### [What needs to be done]
With the pictures left out, restate exactly the part below that opens with the line containing "CDE系列噴槍的標準材質:3" and closes with the line containing "户型面积布局0284平三房两".

### [Data extracts]

*** Begin section ***

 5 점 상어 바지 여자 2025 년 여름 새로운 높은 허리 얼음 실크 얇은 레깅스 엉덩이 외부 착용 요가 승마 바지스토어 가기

*** End section ***
*** Begin section ***

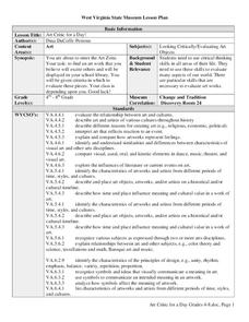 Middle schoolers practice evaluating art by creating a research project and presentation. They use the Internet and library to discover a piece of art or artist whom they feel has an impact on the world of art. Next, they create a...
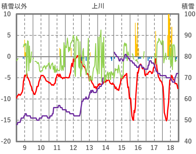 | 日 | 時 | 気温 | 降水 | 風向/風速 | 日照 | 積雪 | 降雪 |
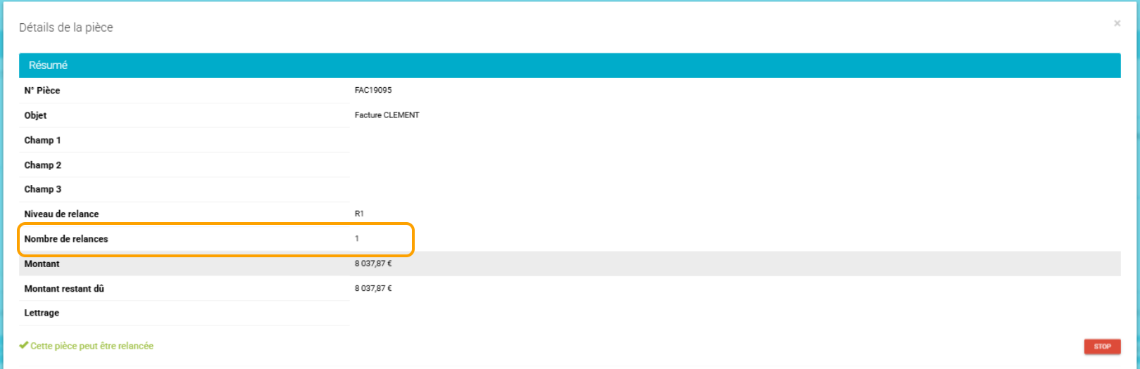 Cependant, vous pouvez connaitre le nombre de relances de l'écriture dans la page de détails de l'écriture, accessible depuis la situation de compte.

*** End section ***
*** Begin section ***

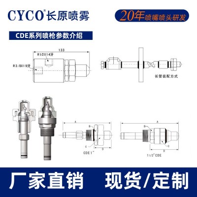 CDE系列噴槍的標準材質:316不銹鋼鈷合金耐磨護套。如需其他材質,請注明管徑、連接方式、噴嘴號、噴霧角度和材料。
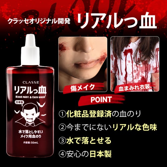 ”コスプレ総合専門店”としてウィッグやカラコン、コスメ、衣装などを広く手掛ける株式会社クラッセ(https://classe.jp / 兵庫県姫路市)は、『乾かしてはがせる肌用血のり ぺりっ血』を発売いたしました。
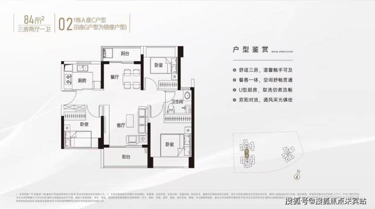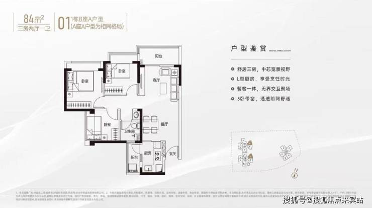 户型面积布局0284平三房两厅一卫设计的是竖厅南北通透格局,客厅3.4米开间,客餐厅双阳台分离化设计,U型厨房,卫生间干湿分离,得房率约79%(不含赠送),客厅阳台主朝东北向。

*** End section ***

### [Written solution]
 CDE系列噴槍的標準材質:316不銹鋼鈷合金耐磨護套。如需其他材質,請注明管徑、連接方式、噴嘴號、噴霧角度和材料。
 ”コスプレ総合専門店”としてウィッグやカラコン、コスメ、衣装などを広く手掛ける株式会社クラッセ(https://classe.jp / 兵庫県姫路市)は、『乾かしてはがせる肌用血のり ぺりっ血』を発売いたしました。
 户型面积布局0284平三房两厅一卫设计的是竖厅南北通透格局,客厅3.4米开间,客餐厅双阳台分离化设计,U型厨房,卫生间干湿分离,得房率约79%(不含赠送),客厅阳台主朝东北向。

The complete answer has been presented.